Can Atosiban be continued 48 hours after the shot?

Atosiban is usually continued for 45-48 hours, with continued use not recommended after 48 hours. Atosiban is an antagonist of oxytocin, which is a synthetic peptide, applied to preterm labor, it can inhibit uterine contractions, make the uterus quiet, and be used to delay the occurrence of preterm labor in patients with a tendency to preterm labor, and the clinical use of atosiban is generally continued for 45-48 hours, and it is not recommended to continue to use it after 48 hours. Atosiban is a prescription drug, which must be prescribed by a doctor and used in strict compliance with the doctor’s instructions. It must be used by a doctor who has experience in treating preterm labor and must not be used arbitrarily on its own; uterine contractions and fetal heart rate should be monitored during the period of Atosiban treatment; Atosiban can only be used in pregnant women over 18 years old, with a gestational age of 24-33 weeks and a normal fetal heartbeat examination.
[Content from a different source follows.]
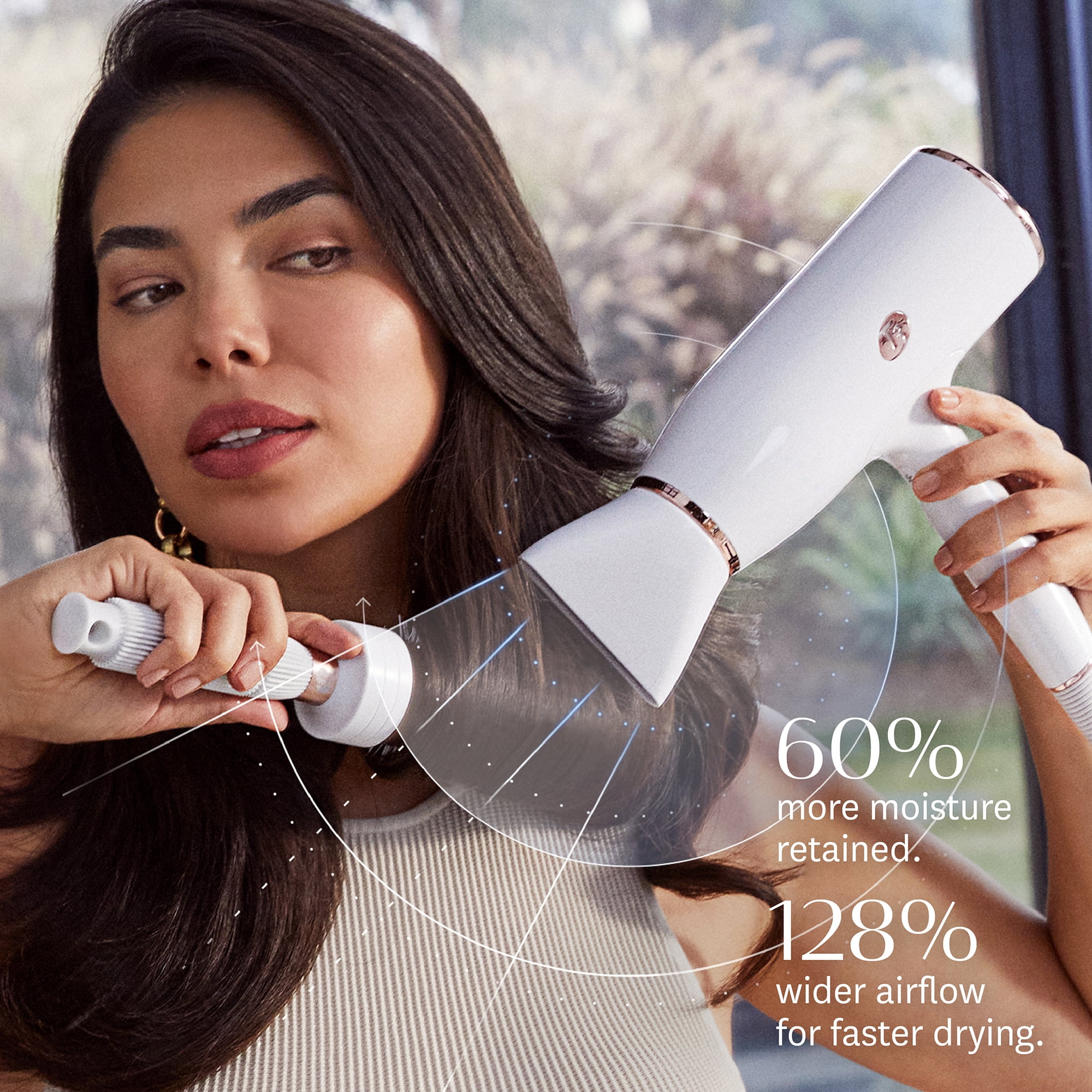 T3 RapidAire IQ Technology: Pairs digitally controlled heat with a wide, ion-rich airflow to cut dry time and preserve more of hair’s natural moisture. Ion generator: Infuses hair with 10 million negative ions to reduce frizz and smooth the hair cuticle for a shiny finish 5 heats and 3 speeds: Digitally controlled heat and speed selections tailored for all hair types and textures Volume Boost Switch: Boosts texture and volume Volume Boost Switch: Boosts texture and volume. Lock-in Cool shot: A burst of cool air locks in any style for a smooth, sleek finish 30% quieter operation: For a pleasant drying and styling experience Lightweight design: For comfortable styling Ergonomic Handle: Offers an easy grip, convenient operation and sturdiness while styling T3 RapidAire IQ Technology: Pairs digitally controlled heat with a wide, ion-rich airflow to cut dry time and preserve more of hair’s natural moisture. Custom-Engineered Fan: Optimizes airflow for fast-get-gentle drying with minimized heat exposure. Ion Generator: Emits 10 million negative ions per second to cancel frizz and smooth the hair cuticle. Smart Microchip: Digitally controls heat settings to keep temperature fluctuations in check. High-Volume Airstream: 128% wider air output*** dries more hair in less time. T3 Detangle Brush: Flexible bristles glide through strands to gently remove knots and tangles. T3 Volume 2.5 round brush: 2.5″ ceramic-coated barrel boosts body and shine for voluminous blowouts. Drying Concentrator: Delivers a wide airflow to gently dry hair fast. Styling Concentrator: Concentrates airflow to smooth and style, one section at a time. Professional 9ft length cord: For easier maneuvering around the bathroom during styling
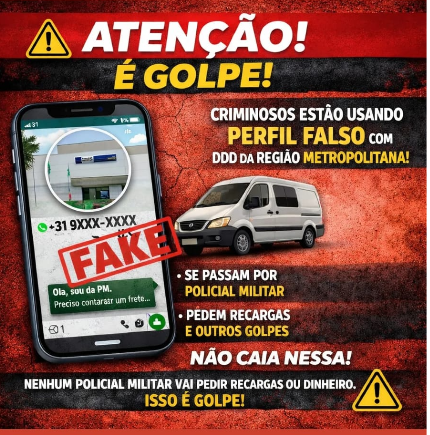 A Polícia Militar informou que não solicita, por telefone ou aplicativos, compras, pagamentos ou recargas. A orientação é para que, em caso de contato suspeito, não seja realizado pagamento e a ocorrência seja comunicada imediatamente pelo telefone 190 para verificação.

Atosiban should not be used if: gestational age is less than 24 weeks or more than 33 weeks; premature rupture of membranes greater than 30 gestational weeks; intrauterine fetal growth retardation and fetal heartbeat abnormality; antepartum uterine bleeding requiring immediate delivery; fetal demise in the uterus; suspicion of intrauterine infection; any condition in which continuation of the pregnancy is detrimental to the mother and the fetus; and a known hypersensitivity to atosiban or any of its excipients. Treatment with atosiban should not exceed 48 hours, and once the diagnosis of preterm labor has been made, treatment with the first single-dose intravenous push should be initiated as soon as possible, with intravenous drip therapy following completion of the single-dose push.